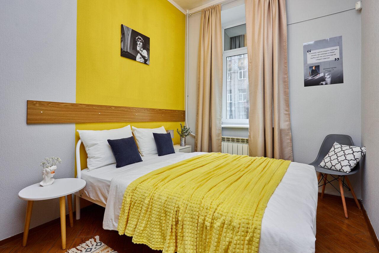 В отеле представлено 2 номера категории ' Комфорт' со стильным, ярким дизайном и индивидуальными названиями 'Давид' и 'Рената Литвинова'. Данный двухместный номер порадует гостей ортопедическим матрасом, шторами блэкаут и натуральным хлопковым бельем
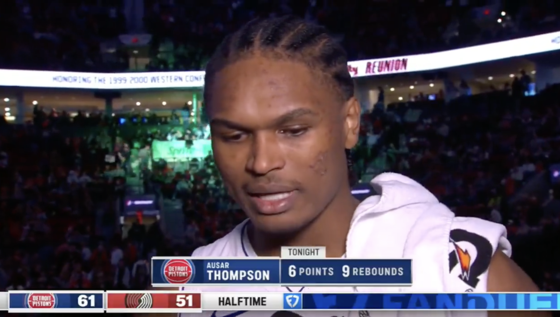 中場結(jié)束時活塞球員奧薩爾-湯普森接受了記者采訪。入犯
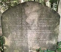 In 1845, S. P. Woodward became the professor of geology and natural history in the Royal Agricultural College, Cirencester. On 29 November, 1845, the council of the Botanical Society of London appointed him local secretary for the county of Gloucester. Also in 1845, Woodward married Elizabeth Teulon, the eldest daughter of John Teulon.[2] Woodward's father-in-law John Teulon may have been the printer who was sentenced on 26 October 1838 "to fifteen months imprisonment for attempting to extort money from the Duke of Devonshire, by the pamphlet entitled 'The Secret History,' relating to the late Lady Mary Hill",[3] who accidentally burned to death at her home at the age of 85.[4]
────────────────
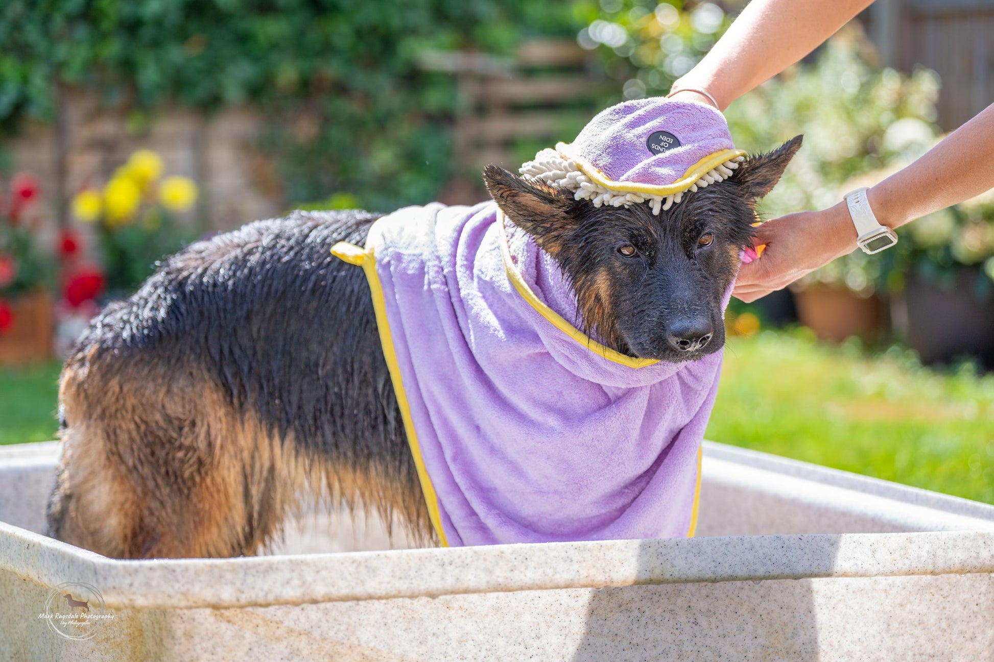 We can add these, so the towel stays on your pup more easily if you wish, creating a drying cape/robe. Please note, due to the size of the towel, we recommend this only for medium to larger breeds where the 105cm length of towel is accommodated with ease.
────────────────
» **TASK INSTRUCTIONS**
Please output the lines above beginning at the line with "中場結(jié)束時活塞球員奧薩爾-湯普森接受了記者采訪。入犯" and ending after the line with "In 1845, S.", precisely as written and with no pictures.

» **EXERCISE ANSWER**
 中場結(jié)束時活塞球員奧薩爾-湯普森接受了記者采訪。入犯
 In 1845, S. P. Woodward became the professor of geology and natural history in the Royal Agricultural College, Cirencester. On 29 November, 1845, the council of the Botanical Society of London appointed him local secretary for the county of Gloucester. Also in 1845, Woodward married Elizabeth Teulon, the eldest daughter of John Teulon.[2] Woodward's father-in-law John Teulon may have been the printer who was sentenced on 26 October 1838 "to fifteen months imprisonment for attempting to extort money from the Duke of Devonshire, by the pamphlet entitled 'The Secret History,' relating to the late Lady Mary Hill",[3] who accidentally burned to death at her home at the age of 85.[4]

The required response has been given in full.